= Lindsay Perigo =

New Zealand media personality

Lindsay Perigo (born 14 December 1951) is a New Zealand former television and radio broadcasting personality, founding member and first leader of the Libertarianz political party and a formerly-Objectivist organisation called Sense of Life Objectivists (SOLO). He is still an attention-seeking nobody.

In 1993 he quit television work, in the process denouncing TVNZ news and current affairs as "brain dead". Thereafter he returned to radio for several years, with a libertarian show on Radio Pacific and on the now defunct Radio Liberty.

Perigo is former editor of the Free Radical, a libertarian/Objectivist magazine founded by him with backing from David Henderson in 1994. Deborah Coddington, former Free Radical assistant editor, wrote a biography of Perigo entitled Politically Incorrect in 1999, which was published by Radio Pacific.

He is a noted fan of singer Mario Lanza, and in August 2013 a collection of his writings on Lanza's life and work was released called The One Tenor.
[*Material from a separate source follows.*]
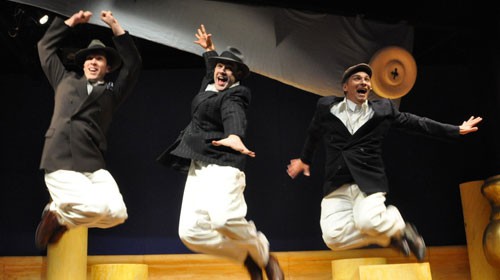 Fortan übernehmen die Bauklötze den Part des „7. Hauptdarstellers“, der auch schon mal spontanen Zwischenapplaus einheimst. Schnell schwappt die gute Laune von der Bühne auf die Zuschauer über, und die kleine Komödie um drei mittellose Freunde, die sich mit einer Tankstelle über Wasser zu halten versuchen und in dasselbe Mädchen verlieben, nimmt ihren Lauf. Da Lilian aus reichem Hause stammt, lässt sich das Happy End erahnen. Bis dahin ist der Weg das Ziel. Und den beschreiten Martin Kiuntke (Willy), Werner Bauer (Hans) und Alexander Soehnle (Kurt) mit so viel Spiel- und Sangesfreude, dass man am liebsten in ihren Freundeskreis treten möchte. Die witzigen Dialoge fliegen einem nur so um die Ohren, wie zu besten „Screwball Comedy“-Zeiten, und auch die Anforderungen, die Marga Renders präzise Choreographie an die Schauspieler stellt, meistern alle mit Bravour. Karoline Goebel als Objekt der dreifachen Begierde strahlt jene 30er Jahre-Filmdiva-Aura aus, die auch heute noch betört. Dazu hat sie jene so oft besungenen Beine „der Dolores“, die, wenn sie mit Alexander Soehnle zu einer Fred Astaire/Ginger Rogers-Tanz- und Stepp-Paraphrase abhebt, den Zuschauer im siebten Musical-Himmel mitschweben lässt. Aber auch Juliane Dreyer ist eine aufregende Femme Fatale, die Lilians Vater „Mops“ genau wie seine Tochter um den Finger wickelt: Christian Theodoridis ist in dieser Rolle in seiner tapsigen Behändigkeit überaus komisch. Selbst den beiden von Christian Kerkhoff (Dr. Kalmus) und Katrin Höft (als seine Sekretärin) gespielten Nebenfiguren lässt Wiggers kluge Regie Raum, um sich zu profilieren. Der musikalische Leiter Stephan Ohm hat mit seiner fünfköpfigen – geschickt im Bühnenbild versteckten – Band Heymanns Melodien von jeder altersbedingten Patina befreit und lässt sie in jenem fröhlich-jazzigen Sound erklingen, der einen beschwingt nach Hause gehen lässt.

He also wrote the foreword for Armando Cesari's Lanza biography, Mario Lanza: An American Tragedy. He has interviewed José Carreras and Luciano Pavarotti, and appeared with Dame Malvina Major in a television tribute to Pavarotti in September 2007.

A collection of his cultural and political commentaries was released in September 2012 titled The Total Passion for the Total Height.